Hospital Care — Are We Getting What We Pay For?
By Gavin Miyasato
For The Record
Vol. 27 No. 12 P. 5
In recent years, media outlets (including The Washington Post and The New York Times) have reported on disparities between hospitals charging different prices for the same procedure. Hospitals less than one mile apart reported cost discrepancies of as much as two to four times. While pricing differences exist, it can be difficult to pinpoint exactly why. There could be a number of factors that influence what a hospital charges, including how sick a patient is, length of stay, and general hospital overhead. These factors notwithstanding, consumers like to believe that when they pay more for something, they are getting a better product. In the case of health care, this means better outcomes. This article empirically tests this hypothesis; it aims to measure how closely hospital charges align with quality of care.
To assist in this effort, the Centers for Medicare & Medicaid Services (CMS) provides two key data sources: one for charge data and one for quality data. The charge data represent 100% of all Medicare inpatient claims; quality data rely on CMS' Hospital Value-Based Purchasing (HVBP) program quality scores. CMS established the HVBP in 2011 to promote better clinical outcomes for hospital patients. As a part of the HVBP, hospitals were assigned quality scores related to their treatment of inpatients. CMS provided financial incentives to hospitals that scored highly on its quality metrics.
Using theses sources, it's possible to compare 2011 charge and quality data among a subset of Medicare inpatients: those suffering from acute myocardial infarction or heart failure. Rather than focusing on charges alone, it's important to examine the difference between charges and reimbursement amounts (the Delta) as the measure of economic benefit, given that charges are potentially irrelevant to what a patient or payer actually pays. Statistical models were fit (among either acute myocardial infarction inpatients or heart failure patients) to adjust for the impact of potential confounders—patient or hospital characteristics that might obscure the true relationship between the Delta and quality.

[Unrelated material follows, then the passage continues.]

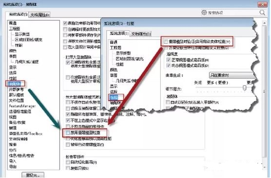 5.在系统选项中禁用大装配体重建模型检查,同样可以减少耗时的操作。

After controlling for all other patient and hospital characteristics, the statistical models reveal that there is only a very weak association between the Delta—the difference between charges and reimbursement amounts—and quality scores. Across both conditions, average patient length of stay, geographic region, and hospital ownership type (government/nongovernment) had a larger impact on the Delta than the quality scores. One plausible conclusion is that the lack of strong associations between quality and the Delta indicate hospital charges were not driven exclusively by the expenses incurred as a result of providing high-quality services—essentially, the cost of care does not always determine the quality. Patients should not assume that higher cost equals higher quality, nor should they assume low cost equals lower quality. A second plausible conclusion is that the quality scores were not accurate indicators of health outcomes and, therefore, we cannot accurately assess whether higher charges result in better patient results.

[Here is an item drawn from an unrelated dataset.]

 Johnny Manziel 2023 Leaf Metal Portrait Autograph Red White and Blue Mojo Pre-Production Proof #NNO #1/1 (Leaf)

Ultimately, no direct correlations between higher cost and higher quality can be found using the tools available. While the example study does not necessarily provide a definitive answer to the broader question of quality for the money, it does shed light on the larger issue: Better information is necessary whether in the measurement of quality or in the transparency of cost and charge information from health care providers. CMS has taken steps to improve in both areas, launching several initiatives under the Affordable Care Act with aims to further develop performance measurement and make more financial information publicly available. As the United States increasingly moves toward pay-for-performance–based models, the accuracy and validity of this information will become even more important as we attempt to attribute clinical intervention to better patient outcomes.
— Gavin Miyasato is associate director of advanced analytics—statistics at Trinity Partners.